Archive for Our Christian Brethren in the Middle East

he was never seen again

Robert Spencer writes: 

Last October, a Syrian Orthodox priest, Fr. Boulos Iskander, went shopping for auto parts in the Iraqi city of Mosul. He was never seen alive again. A Muslim group kidnapped him and initially demanded $350,000 in ransom; they eventually lowered this to $40,000, but added a new demand: Fr. Boulos’ parish had to denounce the remarks made the previous month by Pope Benedict XVI that caused rioting all over the Islamic world. The ransom was paid, and the church dutifully posted thirty large signs all over Mosul, but to no avail: Fr. Boulos was not only murdered but dismembered. Five hundred Christians attended his funeral, where another priest commented: “Many more wanted to come to the funeral, but they were afraid. We are in very bad circumstances now.”

That is true of Christians all over the Middle East, where safe havens for Christians are dwindling rapidly. Even in Lebanon, traditionally the Middle East’s sole Christian land, Christians suffer persecution, which leads to declining numbers and declining influence – and that in turn encourages more persecution. Christian communities that date back to the dawn of Christianity have been steadily decreasing in numbers; now the faith is on the verge of disappearing from the area altogether. In Iraq, half of the nation’s prewar 700,000 Christians have now fled the country since the fall of Saddam Hussein. Iraqi Christians today are streaming into Syria or, if they can, out of the Middle East altogether. Much of this migration can be attributed to the resurgence of Islamic militarism in recent decades. Indeed, the career trajectories of two twentieth-century regional titans, Yasir Arafat as well as Saddam, are particularly illuminating: Arafat began as a secular nationalist in the Soviet camp and ended up trying to fend off and co-opt a challenge from the Islamic jihadists of Hamas (the Islamic Resistance Movement) and Islamic Jihad. Saddam was never a Muslim hardliner, and was indeed notorious for his personal divergences from Islamic orthodoxy; nevertheless, in the last days of his regime he did not hesitate to cast himself as a mujahid par excellence, a defender of Islam who deserved the support of all pious believers.
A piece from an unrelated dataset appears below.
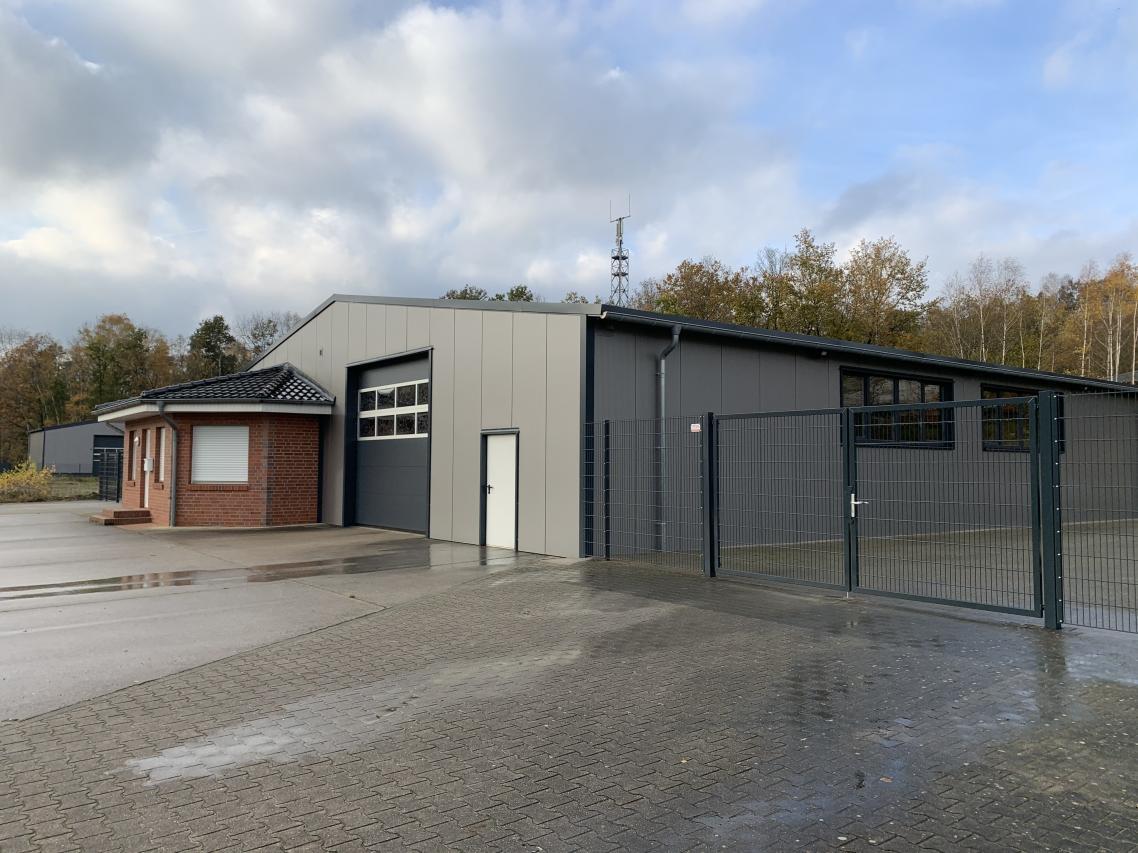 Ausstattung Bürofläche: 70 m² - drei Büros - moderner Glasfaseranschluss FTTH - moderne Netzwerkstruktur in allen Räumen - WC für Damen und Herren mit Duschen - Aufenthaltsraum mit Küchenanschluss - Anlieferung möglich - Belastbarer Betonboden - ein großes Sektionaltor - Starkstromanschlüsse - Überwachungskameras - Gelände komplett Umzäunt mit Doppelstabmattenzaun

The fact that both Arafat and Saddam began, broadly speaking, as secularists and ended as mujahedin, however insincere and incomplete their poses may have been, is emblematic of developments all over the Middle East. After a long period of relative quiescence that stretched through the decline and fall of the Ottoman Empire and the subsequent colonial period, the Islamic jihad ideology that mandates warfare against and subjugation of unbelievers is back with a vengeance. Archbishop Cyril Salim Bustros, the Melkite Greek Catholic Eparch of Newton, Massachusetts, and former Archbishop of the Hizballah stronghold Baalbeck, Lebanon, explained in a March 2006 address: “The doctrines of Islam,” he said, “dictate war against unbelievers.” Peaceful Muslims do not find strong support for their views within Islamic tradition: “the concept of nonviolence is absent from Muslim doctrine and practice.” The ultimate goal of Islamic theology, as preached by imams all over the Islamic world, is “the surrender of all people to Islam and to God’s power based on Islamic law [Sharia]. [Muslims] have to defend this peace of God even by force.”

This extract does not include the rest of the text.